3. #### Summarizing a Few Pages – Map-Reduce :
    - Break the text into chunks and summarize each individually (the "map" step), then combine those summaries into a cohesive output (the "reduce" step). This method excels when summarizing medium-length documents like reports or articles.
4. #### Refine chain summarizer :
    - A chain for refining summaries by processing each document in stages.
    - Similar to map reduce with one key difference : with every chunk, it passes the summary of previous chunk as well to the llm
5. #### Summarizing Text of Unknown Length – Agents :   TBD
    - Leverage intelligent agents that dynamically adjust their approach based on the input's length and complexity. Agents can handle diverse text sizes, making them the most versatile option for summarization.

In [79]:
import os
from dotenv import load_dotenv
load_dotenv()


os.environ['OPENAI_API_KEY'] = os.getenv('OPENAI_API_KEY')

## Basic Prompt Summarization 
##### used in chat models  - conversational chatbots with system message, human message , ai message

In [80]:
from langchain_openai import ChatOpenAI
from langchain.prompts.chat import (ChatPromptTemplate,
    SystemMessagePromptTemplate,
    HumanMessagePromptTemplate,
)

In [13]:
speech="""
People across the country, involved in government, political, and social activities, are dedicating their time to make the ‘Viksit Bharat Sankalp Yatra’ (Developed India Resolution Journey) successful. Therefore, as a Member of Parliament, it was my responsibility to also contribute my time to this program. So, today, I have come here just as a Member of Parliament and your ‘sevak’, ready to participate in this program, much like you.

In our country, governments have come and gone, numerous schemes have been formulated, discussions have taken place, and big promises have been made. However, my experience and observations led me to believe that the most critical aspect that requires attention is ensuring that the government’s plans reach the intended beneficiaries without any hassles. If there is a ‘Pradhan Mantri Awas Yojana’ (Prime Minister’s housing scheme), then those who are living in jhuggis and slums should get their houses. And he should not need to make rounds of the government offices for this purpose. The government should reach him. Since you have assigned this responsibility to me, about four crore families have got their ‘pucca’ houses. However, I have encountered cases where someone is left out of the government benefits. Therefore, I have decided to tour the country again, to listen to people’s experiences with government schemes, to understand whether they received the intended benefits, and to ensure that the programs are reaching everyone as planned without paying any bribes. We will get the real picture if we visit them again. Therefore, this ‘Viksit Bharat Sankalp Yatra’ is, in a way, my own examination. I want to hear from you and the people across the country whether what I envisioned and the work I have been doing aligns with reality and whether it has reached those for whom it was meant.

It is crucial to check whether the work that was supposed to happen has indeed taken place. I recently met some individuals who utilized the Ayushman card to get treatment for serious illnesses. One person met with a severe accident, and after using the card, he could afford the necessary operation, and now he is recovering well. When I asked him, he said: “How could I afford this treatment? Now that there is the Ayushman card, I mustered courage and underwent an operation.
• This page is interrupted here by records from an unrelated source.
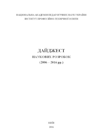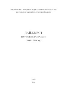 In a digest lemmatas and selected text of scientific developments of scientists, graduate students and докторантів of Institute of vocational formation of НАПН of Ukraine are presented: conceptions, modern models and technologies of trade education and studies, methodologies of professional studies, program of studies of student's young people and teachers, authorial courses, training, monographs, manuals(educational, scientific, methodical) and textbooks. This edition is appointed to the leaders, teachers of vocational educational establishments and general schools; to the graduate students, докторантам, науково- to the pedagogical workers of the system of higher education; to the teachers and listeners of courses of in-plant training; to the leaders and methodists educational (scientifically)-methodical centers and cabinets of vocational education and to the managers of education.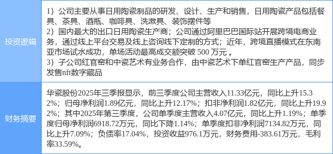证券之星消息,华瓷股份11月18日涨停收盘,收盘价20.61元。该股于9点34分涨停,2次打开涨停,截止收盘封单资金为6.17亿元,占其流通市值12.18%。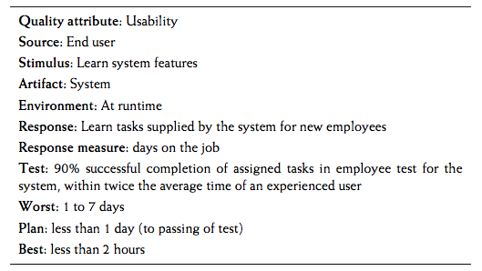 Quality attribute scenario: quality requirements specification in a language common to both users and developers.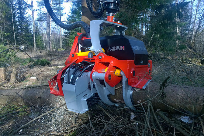 Nisula 425H - это многоцелевая головка, оснащенная грейферными рычагами, которые делают обработку и сортировку древесины легкой. Система управления NCU3 регулирует силу захвата рычагов грейфера к стволу дерева, обеспечивая надежное сцепление во время рубки.

Now I am perfectly fine.”  Such stories are blessings to me.

The bureaucrats, who prepare good schemes, expedite the paperwork and even allocate funds, also feel satisfied that 50 or 100 people who were supposed to get the funds have got it. The funds meant for a thousand villages have been released. But their job satisfaction peaks when they hear that their work has directly impacted someone’s life positively. When they see the tangible results of their efforts, their enthusiasm multiplies. They feel satisfied. Therefore, ‘Viksit Bharat Sankalp Yatra’ has had a positive impact on government officers. It has made them more enthusiastic about their work, especially when they witness the tangible benefits reaching the people. Officers now feel satisfied with their work, saying, “I made a good plan, I created a file, and the intended beneficiaries received the benefits.” When they find that the money has reached a poor widow under the Jeevan Jyoti scheme and it was a great help to her during her crisis, they realise that they have done a good job. When a government officer listens to such stories, he feels very satisfied.
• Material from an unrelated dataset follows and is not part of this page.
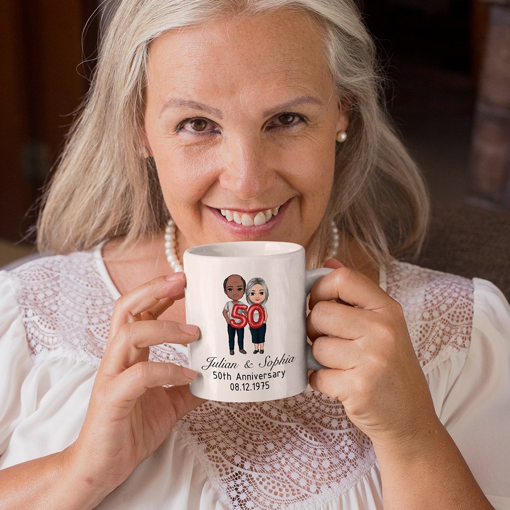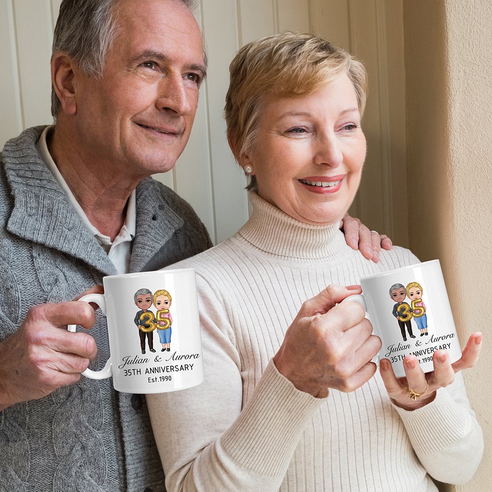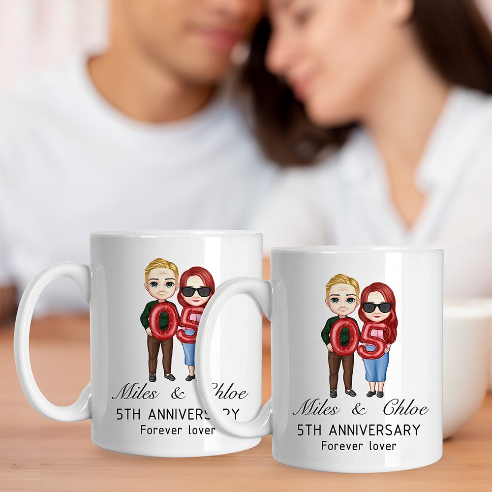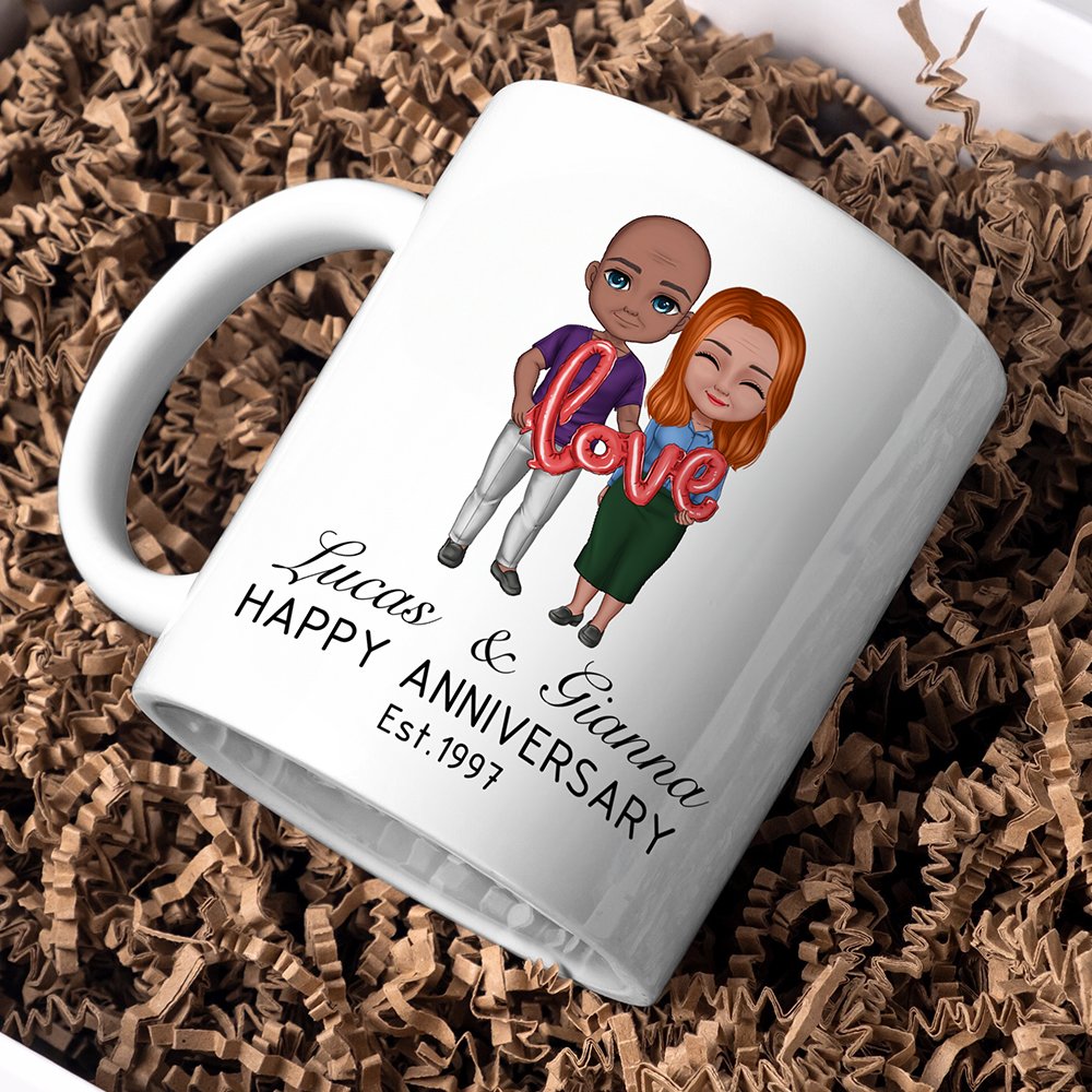 This personalized mug is designed to celebrate your love. Customize the cartoon characters to resemble you and your partner, and add anniversary numbers crafted from whimsical balloons. This combination brings a playful and personal touch that reflects your unique relationship and cherished moments together.

There are very few who understand the power and impact of the ‘Viksit Bharat Sankalp Yatra’. When I hear people connected to bureaucratic circles talking about it, expressing their satisfaction, it resonates with me. I’ve heard stories where someone suddenly received 2 lakh rupees after the death of her husband, and a sister mentioned how the arrival of gas in her home transformed her lives. The most significant aspect is when someone says that the line between rich and poor has vanished. While the slogan ‘Garibi Hatao’ (Remove Poverty) is one thing, but the real change happens when a person says, “As soon as the gas stove came to my house, the distinction between poverty and affluence disappeared.
"""

In [14]:
llm=ChatOpenAI(model_name='gpt-3.5-turbo')
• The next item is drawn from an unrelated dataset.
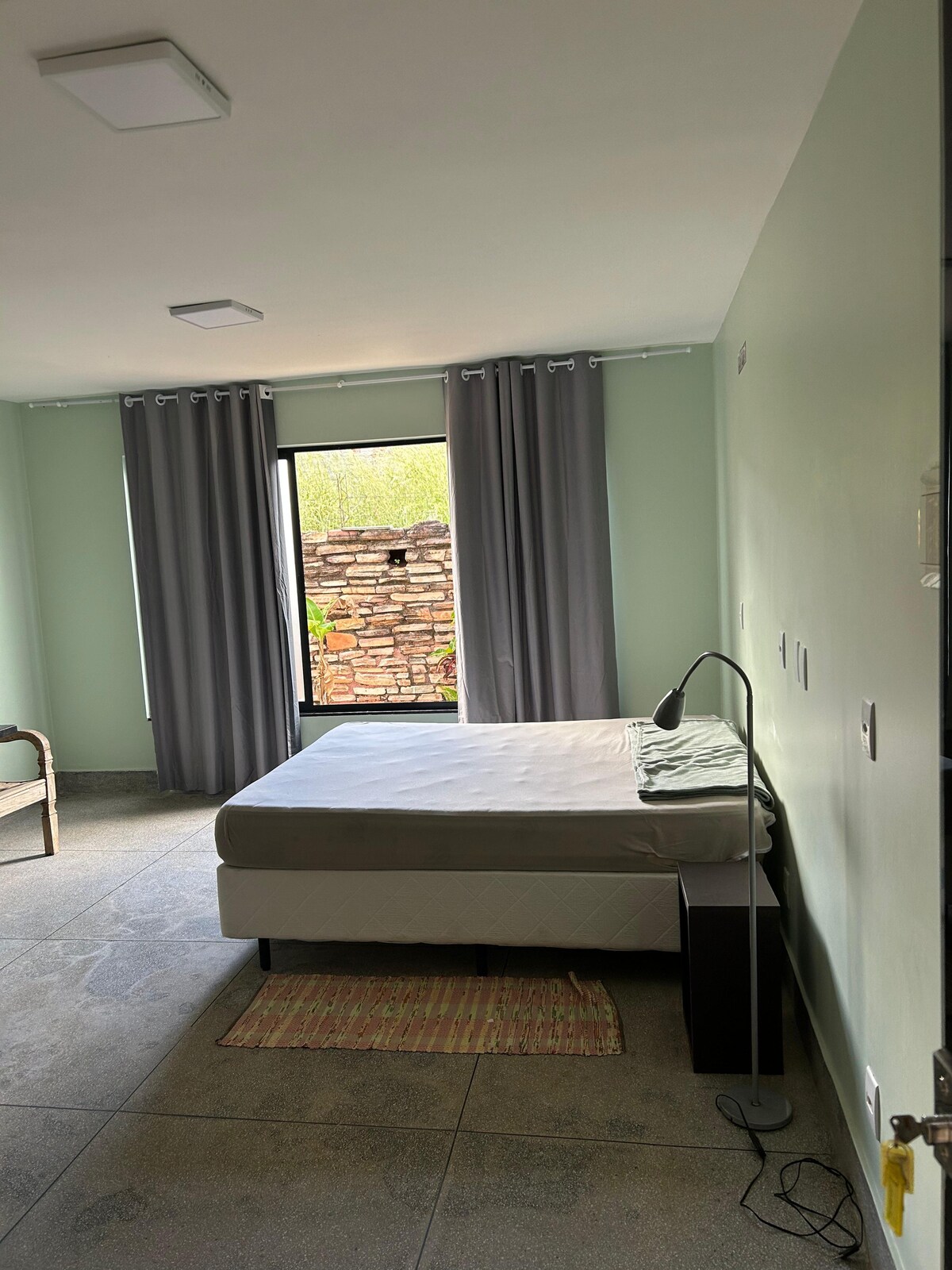 Appartements en pleine nature ! L'ambiance belle et cosy pour passer le week-end, la saison ou le mois. Le jardin Flats Carmel dispose de grands espaces verts, d'arbres fruitiers, d'un jardin fleuri, d'une forêt avec un petit sentier, d'une piscine avec un paysage luxuriant, d'une cuisine partagée, d'un barbecue, d'un parking. Idéal local pour les tarifs journaliers ou pour votre appartement mensuel à Pirenópolis.

# Create the ChatPromptTemplate using individual message templates
chat_prompt = ChatPromptTemplate.from_messages(
    [
        SystemMessagePromptTemplate.from_template("You are an expert assistant with expertise in summarizing speeches."),
        HumanMessagePromptTemplate.from_template("Please provide a short and concise summary of the following speech:\nTEXT: {speech}"),
    ]
)

In [15]:
##total tokens
llm.get_num_tokens(speech)


866

In [16]:
## Get summary
formatted_prompt = chat_prompt.format_prompt(speech=speech)

# Get the response
response = llm(messages=formatted_prompt.to_messages())
print(response.content)

  response = llm(messages=formatted_prompt.to_messages())


The speech highlights the importance of ensuring government schemes reach their intended beneficiaries smoothly without any hassles. The speaker, a Member of Parliament, discusses the success of the 'Viksit Bharat Sankalp Yatra' in reaching people and providing tangible benefits. The yatra has positively impacted government officers, making them more enthusiastic about their work when they see the direct impact on people's lives. The speaker emphasizes the satisfaction derived from witnessing successful implementation of schemes, such as the Ayushman card and housing programs, and how it bridges the gap between rich and poor. The yatra serves as an examination for the speaker to ensure alignment between their vision and the reality of reaching those in need.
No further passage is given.